Halifax council supposedly uses its secret “in camera” meetings only for discussion of land sales, legal matters and personnel issues, but last Tuesday it met all day behind closed doors to discuss $13 million in federal funding for mass transit and voted to use the money on the Bedford fast ferry. 


Several councillors cried foul, correctly pointing out the secret meeting violated council’s own rules.


After the fact, HRM solicitor Mary Ellen Donovan wrote a mumbo jumbo opinion retroactively giving legal sanction for the secrecy, saying “I had forgotten that part of the presentation referenced potential provincial funding scenarios which then brings the matter within the topic of ‘contract negotiations.’” Any thinking person will see that logic for what it is: utter bullshit.

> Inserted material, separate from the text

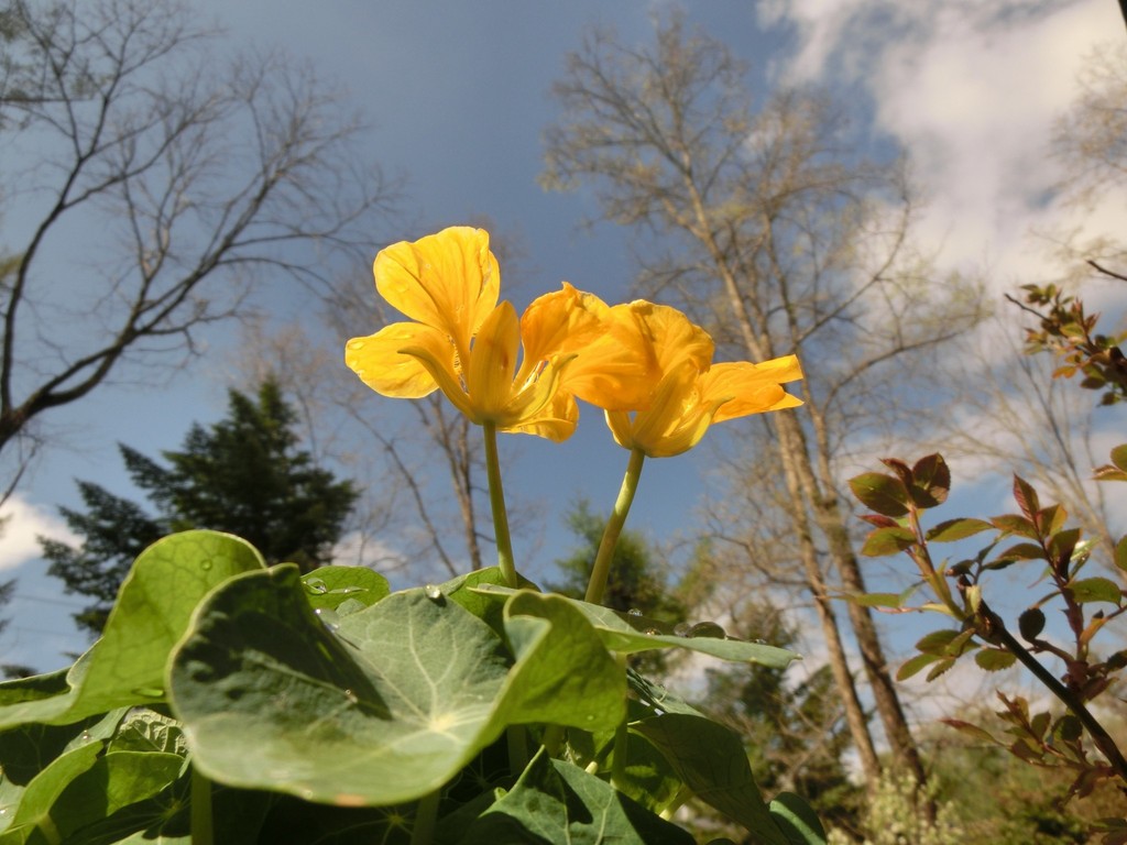明るい暖かな日差しと青空にはナスタチュームの黄色が似合います。

Mayor Peter Kelly says the secrecy was necessary so as to not “pre-empt” the federal announcement, but Transport Canada tells me that the transit money was in no way conditioned on it being spent on the ferry. Council could have accepted the money and then debated how best to use it in public in its upcoming budget meetings.


Kelly says HRM’s “intergovernmental people” told him the feds wanted to include the ferry announcement, but he won’t say who those intergovernmental people are or why it was so important to get the ferry included in the feds’ announcement.


City staff assure me that the $13 million is best spent on the ferry, over and above any other
transit options. Be that as it may, the process underlines the contempt Kelly holds for public participation and debate on matters that involve
the public purse. 


There was no good reason whatsoever this couldn’t have been discussed in public.